Whenever a picture appears, leave it out while repeating all the other data exactly.

→ DATA SHOWN
————
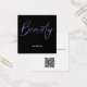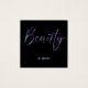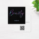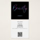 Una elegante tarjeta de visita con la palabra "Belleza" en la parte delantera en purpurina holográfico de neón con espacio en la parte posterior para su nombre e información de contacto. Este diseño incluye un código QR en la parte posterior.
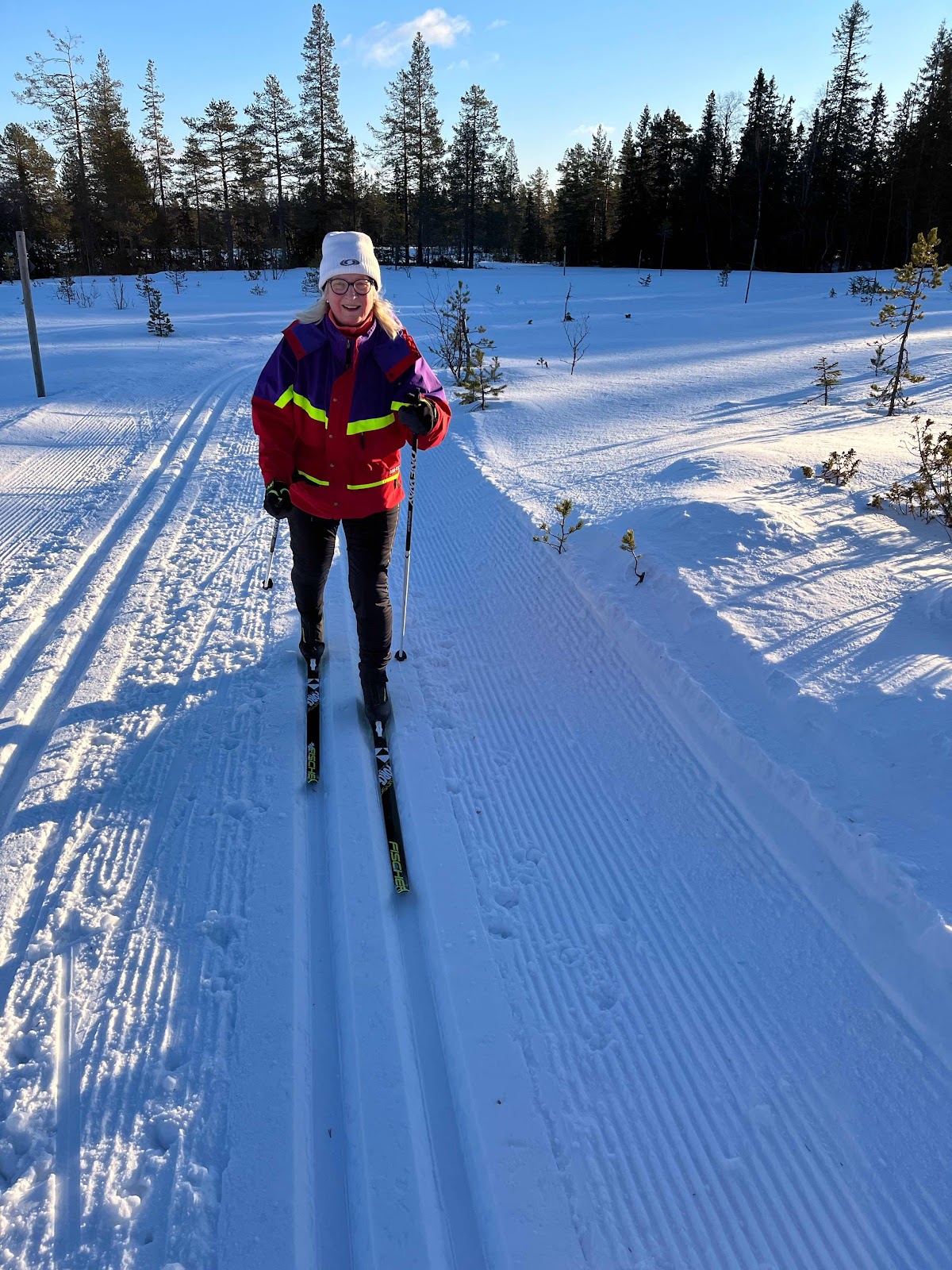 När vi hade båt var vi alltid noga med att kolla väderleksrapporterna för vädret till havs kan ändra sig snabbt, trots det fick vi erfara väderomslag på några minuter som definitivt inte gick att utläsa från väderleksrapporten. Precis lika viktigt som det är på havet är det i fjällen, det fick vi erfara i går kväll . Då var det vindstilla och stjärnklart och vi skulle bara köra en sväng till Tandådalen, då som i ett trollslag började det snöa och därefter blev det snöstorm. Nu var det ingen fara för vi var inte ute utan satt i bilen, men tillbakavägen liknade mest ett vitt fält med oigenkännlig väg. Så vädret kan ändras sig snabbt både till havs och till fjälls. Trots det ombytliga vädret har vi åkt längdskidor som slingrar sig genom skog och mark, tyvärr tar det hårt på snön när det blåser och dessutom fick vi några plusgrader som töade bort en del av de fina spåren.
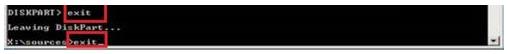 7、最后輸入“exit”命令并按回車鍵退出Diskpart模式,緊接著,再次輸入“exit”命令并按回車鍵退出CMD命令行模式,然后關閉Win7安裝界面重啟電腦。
————
→ ANSWER TO THE PROBLEM
 Una elegante tarjeta de visita con la palabra "Belleza" en la parte delantera en purpurina holográfico de neón con espacio en la parte posterior para su nombre e información de contacto. Este diseño incluye un código QR en la parte posterior.
 När vi hade båt var vi alltid noga med att kolla väderleksrapporterna för vädret till havs kan ändra sig snabbt, trots det fick vi erfara väderomslag på några minuter som definitivt inte gick att utläsa från väderleksrapporten. Precis lika viktigt som det är på havet är det i fjällen, det fick vi erfara i går kväll . Då var det vindstilla och stjärnklart och vi skulle bara köra en sväng till Tandådalen, då som i ett trollslag började det snöa och därefter blev det snöstorm. Nu var det ingen fara för vi var inte ute utan satt i bilen, men tillbakavägen liknade mest ett vitt fält med oigenkännlig väg. Så vädret kan ändras sig snabbt både till havs och till fjälls. Trots det ombytliga vädret har vi åkt längdskidor som slingrar sig genom skog och mark, tyvärr tar det hårt på snön när det blåser och dessutom fick vi några plusgrader som töade bort en del av de fina spåren.
 7、最后輸入“exit”命令并按回車鍵退出Diskpart模式,緊接著,再次輸入“exit”命令并按回車鍵退出CMD命令行模式,然后關閉Win7安裝界面重啟電腦。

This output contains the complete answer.